Generally small businesses that provide a service do not have an easy and effective way to measure the performance of their business and employees in order to become a more effective business. Business owners and managers lack the means to track key information that is important to their success. Furthermore, businesses may have the impression that they are operating at optimal conditions and producing maximum net profit, but they do not have the data to affirm their success or recognize additional areas of opportunity.
For example, in the automotive service and repair industry, business owners typically wait until they receive a financial statement at the end of the month or end of quarter to determine whether or not they have improved their bottom line or met their financial objectives. Thus, business owners cannot make key staffing, training, and advertising decisions until after a problem has affected their business sales and productivity for quite some time.
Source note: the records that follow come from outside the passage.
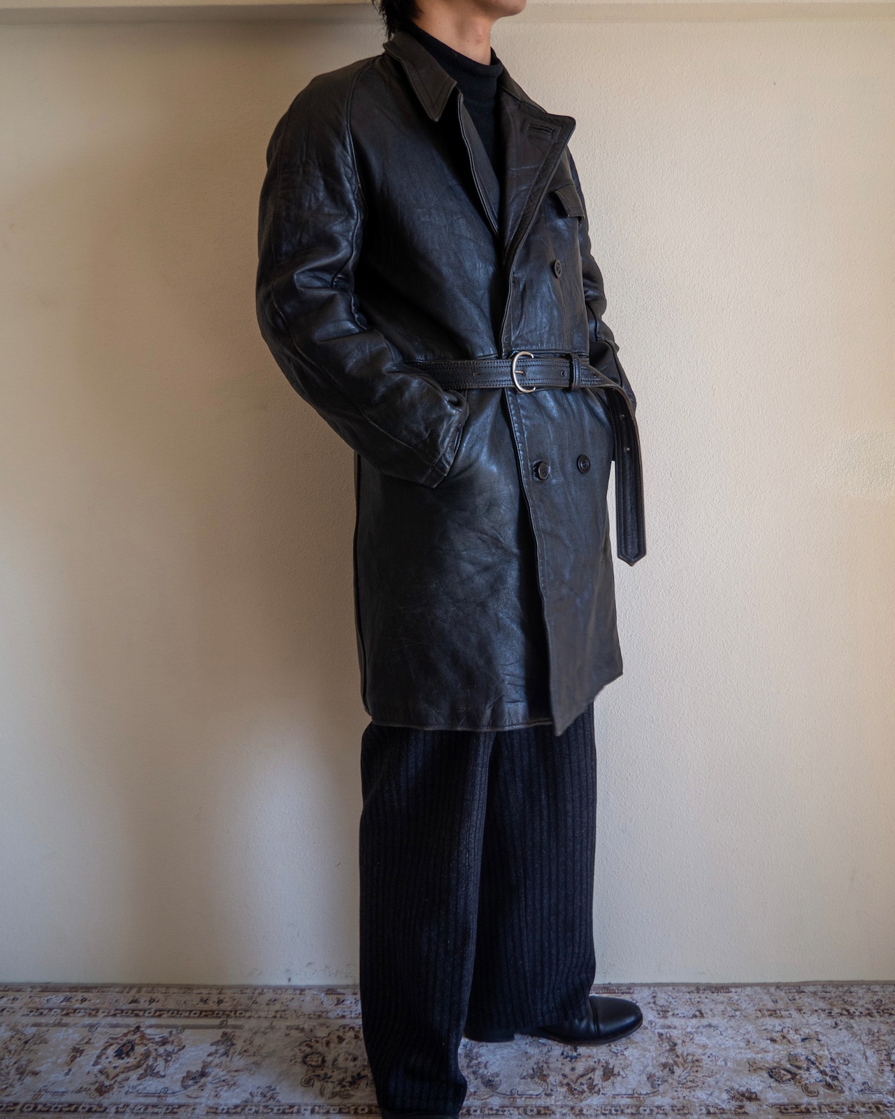 1980年製、フランス国営電力会社(=Electricite De France)に支給されていたダブルブレスト仕様のレザーハーフコートのご紹介です。
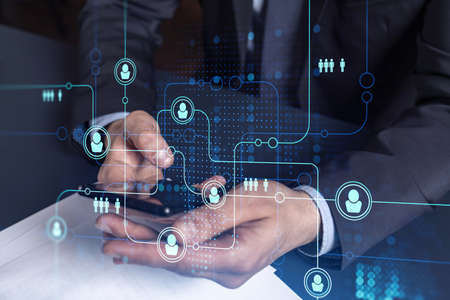 close up of businessman working with mobile phone on wooden desk in modern office with virtual icon diagram
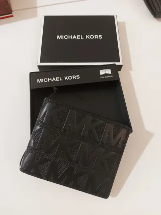 Elegante cartera Michael Kors para hombre. ORIGINAL - Diseño Slim Bifold. - Acabado con el logo MK en relieve.
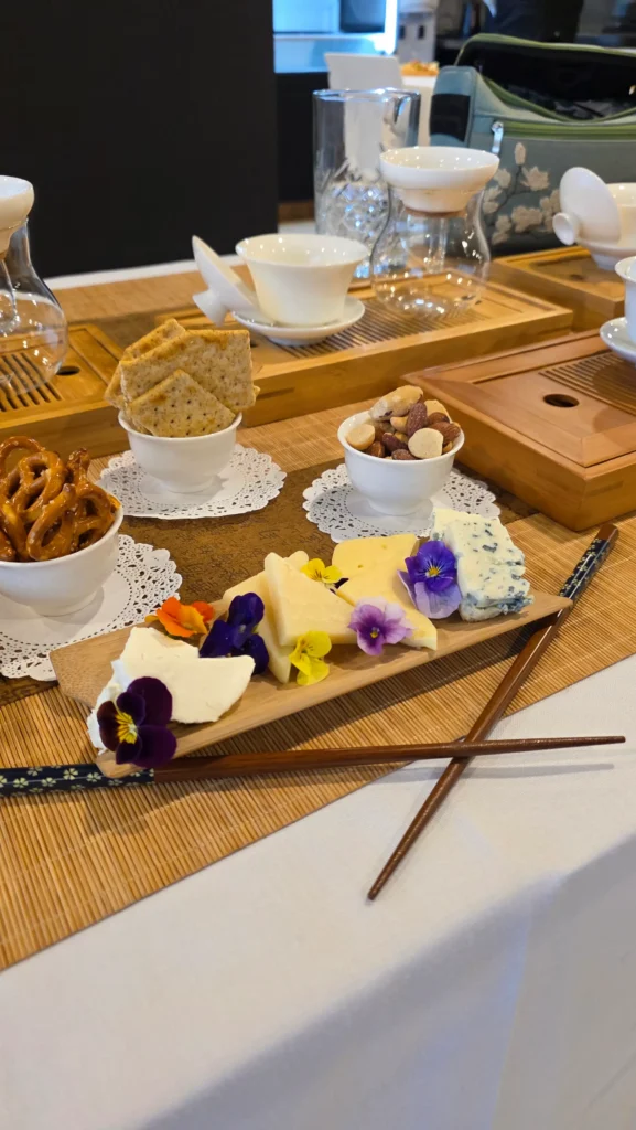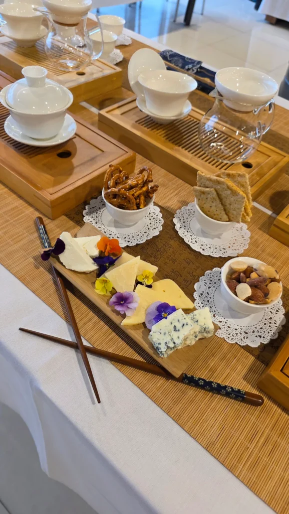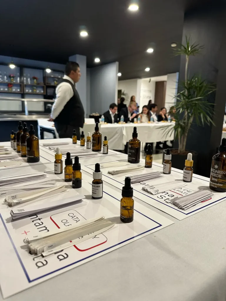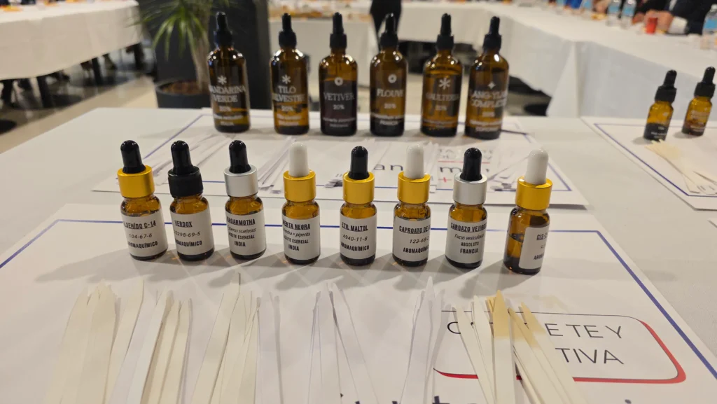 La sesión fue conducida por una sommelier de té y un perfumista natural, quienes acompañaron a los asistentes en un recorrido de cuatro tiempos, cada uno dedicado a un estilo de té: blanco, verde, negro y pu-erh. Cada infusión fue acompañada por cinco aromáticos naturales y aromaquímicos, seleccionados con precisión para resaltar, expandir o contrastar sus notas predominantes.
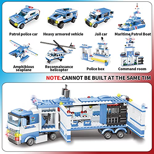 🚔 【8 in 1 Stadtpolizei】: Sie erhalten einen vollständigen Satz von 1022 Bausteinen, Kinder werden endlosen Spaß daran haben, einen mobilen Kommandozentralen-LKW und ein Polizeipräsidium zu bauen, oder es in 8 Arten von Polizeiautos umzubauen, wie Polizeistation, Hubschrauber, Polizeiposten, Kreuzer usw. Warmer Tipp:Sie müssen es zu einem Modell zusammenbauen.Die Anzahl der Blöcke kann Ihnen nicht erlauben, alle im Bild gezeigten Modelle gleichzeitig zu bauen.
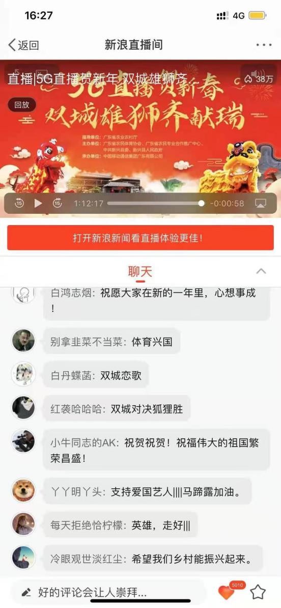 这是在广东省云浮市新兴县天堂镇朱所村,“5G直播贺新春 双省城雄狮齐献瑞”的乡村体育活动直播,同步在广东移动粤享5G、南方+、新浪直播、微赞平台直播。这是一场利用5G直播新技术展示美丽乡村和乡村体育文化的新尝试,吸引了超过100万网友观看。借助中国移动5G网络,美丽乡村跃上直播舞台,乡村振兴的成果将更丰富更立体地展现在互联网世界。

They cannot be proactive in their business analysis and approach. Moreover, they do not have an easy way to measure return on advertising dollars and trace where their best customers come from quantifying their advertising dollars.
In addition, business owners do not have the data to clearly detect problems and identify the appropriate source. Without the data, business owners do not know what type of corrective steps to take, which is most important or which order to make them. For example, business owners cannot identify whether changes to sales or technician training will solve the problem or whether increasing headcount or advertising is the better solution. More importantly, without this pseudo-realtime data, businesses do not know if the changes they have implemented have had a positive or negative effect until it is too late.